Other (Expense) Income
For the three and six months ended June 30, 2016 compared to the same period in 2015, the change in other (expense) income was primarily due a pre-tax gain on the sale of 159,151 shares of California Water Service Group stock for $3,197. No similar sale occurred in 2015.
Provision for Income Taxes
For the three and six months ended June 30, 2016 compared to the same period in 2015, income tax expense increased $6,506 and $5,834, respectively, as a result of higher pre-tax income. The effective consolidated income tax rates were 39% and 37% for both the three and six months ended June 30, 2016 and 2015.
SJW Corp. is currently undergoing an income tax examination by the California Franchise Tax Board for refund claims for fiscal years 2008 through 2012.
Other Comprehensive Income (Loss)
The change in other comprehensive income (loss) for the three and six months ended June 30, 2016 compared to the same period in 2015 was due to the change in market value and partial sale of the Company's investment in California Water Service Group.
Water Supply
On July 1, 2016, SCVWD's 10 reservoirs were approximately 59% full with 99,785 acre-feet of water in storage.

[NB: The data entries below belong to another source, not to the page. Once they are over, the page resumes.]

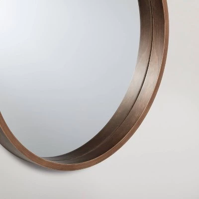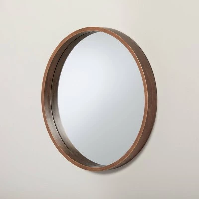 Make a statement accenting the wall of your home with this Round Wood Framed Wall Mirror from Hearth & Hand™ with Magnolia. This round mirror showcases a framed design that helps add a rustic touch to your space. Whether you use this framed mirror in your bathroom, living room or above your fireplace mantel, you’ll love warm and welcoming style it brings.
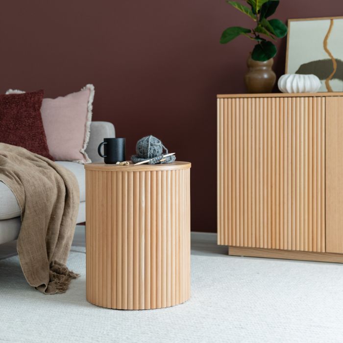 Halkaisijaltaan 40 cm ja korkeudeltaan 50 cm oleva pöytä sopii täydellisesti pienempiinkin tiloihin tuomatta liikaa visuaalista massaa. Sen ilmava muotoilu tekee siitä helpon yhdistää monenlaisiin sisustustyyleihin, ja luonnonvärinen pinta luo harmonisen tunnelman.
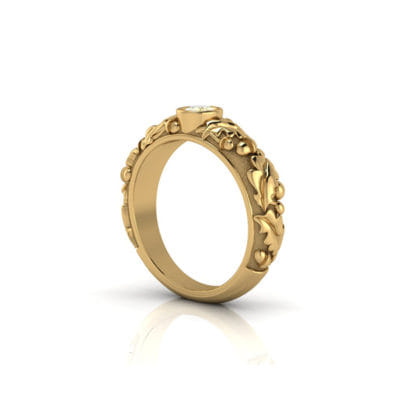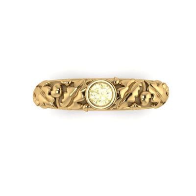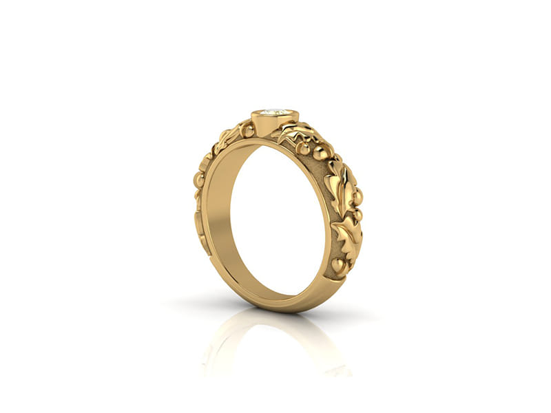 Using a strikingly rich yellow lab grown diamond for the centre. This yellow gold organic design inspired by the acorn and its distinctly shaped leaves encases the stone-like its part of the tree.
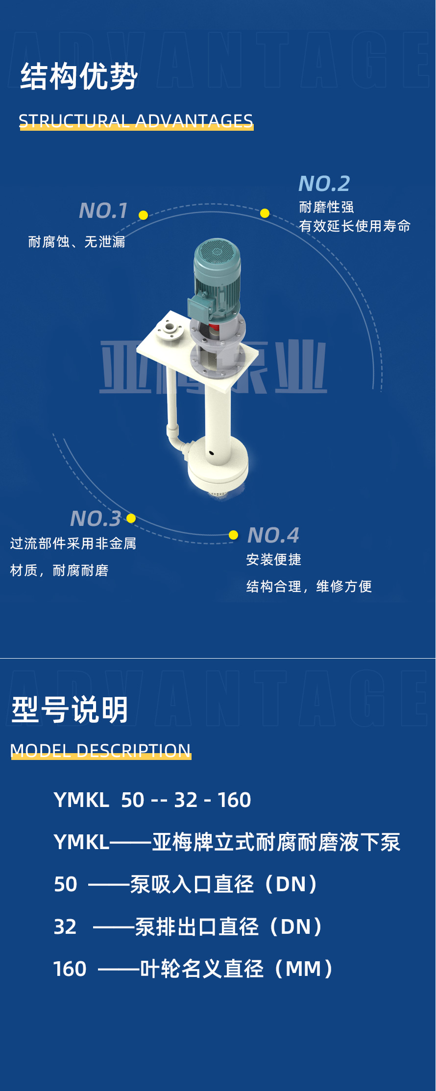 YMKL 系列立式耐腐耐磨液下泵是我公司結合國內外同類產品研制生存的一種非金屬材質單級單吸長軸液下泵,該泵適用于輸送溫度在0℃~+100℃,含固體顆粒、磨料的強腐蝕性的介質。
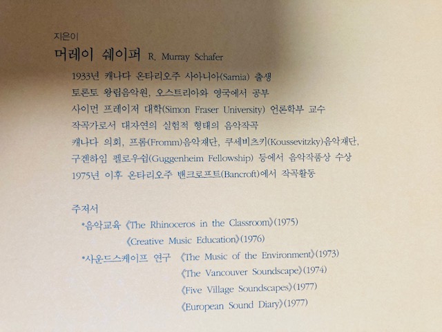 책 소개 / <사운드 스케이프> 세계의 조율, 머레이 쉐이퍼 지음 (2)
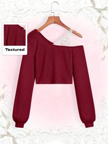 Kawaii تي شيرت تي شيرت أنثوي بأكمام طويلة وياقة متباينة بالدانتيل، للمدرسة
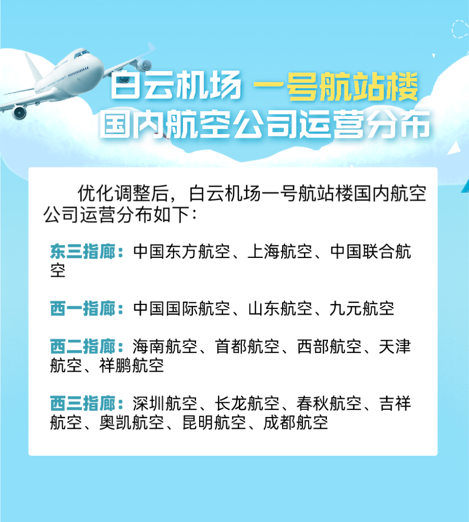 今年以来,白云机场开局抢抓航空市场复苏机遇,加大市场开拓力量,实现了航班运输量持续回暖,国内航班增长快速的喜人局面。为确保航班安全高效运行,持续优化旅客出行体验,白云机场综合一号航站楼国内航空公司国内航线的航班总量、航班时刻等情况,经过认真分析研究,将于2月15日凌晨2点起,对一号航站楼国内航空公司运营区域实施优化调整。

As reported by the SCVWD, the rainfall was approximately 105% of the seasonal average for the current rainfall season that commenced on July 1, 2015 and ended on June 30, 2016. The rainfall at San Jose Water Company's Lake Elsman was measured at 45.58 inches for the current rainfall season which is approximately 126.1% of the five-year average. Under normal hydrologic conditions, state and federal water allocations represent approximately 40% of the SCVWD's total annual supply. As of July 1, 2016, the SCVWD reported that allocations from the state and federal water project are approximately 60% and 55%, respectively, of amounts requested in 2016. SCVWD also reported that they are taking advantage of recently improved water supply conditions by increasing groundwater recharge operations. The groundwater level in the Santa Clara Plain is approximately 32 feet higher than a year ago in June and 9 feet higher than the five-year average. According to SCVWD, the predicted total groundwater storage at the end of 2016 will fall within the alert stage if the remainder of 2016 is dry and the SCVWD's target of 20% reduction in water use compared to 2013 water usage is met.

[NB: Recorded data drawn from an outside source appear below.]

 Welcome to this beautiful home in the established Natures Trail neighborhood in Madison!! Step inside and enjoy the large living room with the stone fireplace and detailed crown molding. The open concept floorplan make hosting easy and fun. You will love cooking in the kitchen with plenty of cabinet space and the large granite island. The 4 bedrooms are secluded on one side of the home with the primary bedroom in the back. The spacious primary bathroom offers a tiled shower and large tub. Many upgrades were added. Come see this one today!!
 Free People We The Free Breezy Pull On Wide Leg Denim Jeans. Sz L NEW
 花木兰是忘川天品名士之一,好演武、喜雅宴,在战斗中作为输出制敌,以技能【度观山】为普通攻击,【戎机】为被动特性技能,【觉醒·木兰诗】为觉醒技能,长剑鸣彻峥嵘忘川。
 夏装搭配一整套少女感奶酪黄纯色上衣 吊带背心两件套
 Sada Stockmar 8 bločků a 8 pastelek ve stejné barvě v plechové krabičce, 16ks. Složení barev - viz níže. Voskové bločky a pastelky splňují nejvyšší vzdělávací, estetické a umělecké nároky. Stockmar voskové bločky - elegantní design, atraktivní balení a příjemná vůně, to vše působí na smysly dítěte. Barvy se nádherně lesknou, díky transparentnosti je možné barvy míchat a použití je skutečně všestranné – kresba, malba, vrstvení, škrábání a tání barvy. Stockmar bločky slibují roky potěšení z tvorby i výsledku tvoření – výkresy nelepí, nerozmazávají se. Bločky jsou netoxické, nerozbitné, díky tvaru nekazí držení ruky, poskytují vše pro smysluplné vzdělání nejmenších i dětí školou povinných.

On July 1, 2016, San Jose Water Company's Lake Elsman contained 4,220 acre-feet of water, of which approximately 3,760 acre-feet can be utilized. Local surface water is a less costly source of water than groundwater or purchased water and its availability significantly impacts San Jose Water Company's results of operations. San Jose Water Company will utilize surface water and additional water from its portfolio of groundwater supplies to supplement imported water from the SCVWD. San Jose Water Company believes that its various water supply sources will be sufficient to meet customer demand through the remainder of 2016.
See Note 1 of Notes to Unaudited Condensed Consolidated Financial Statements for a discussion of the California drought and political and regulatory activities that have occurred in response to ongoing drought conditions.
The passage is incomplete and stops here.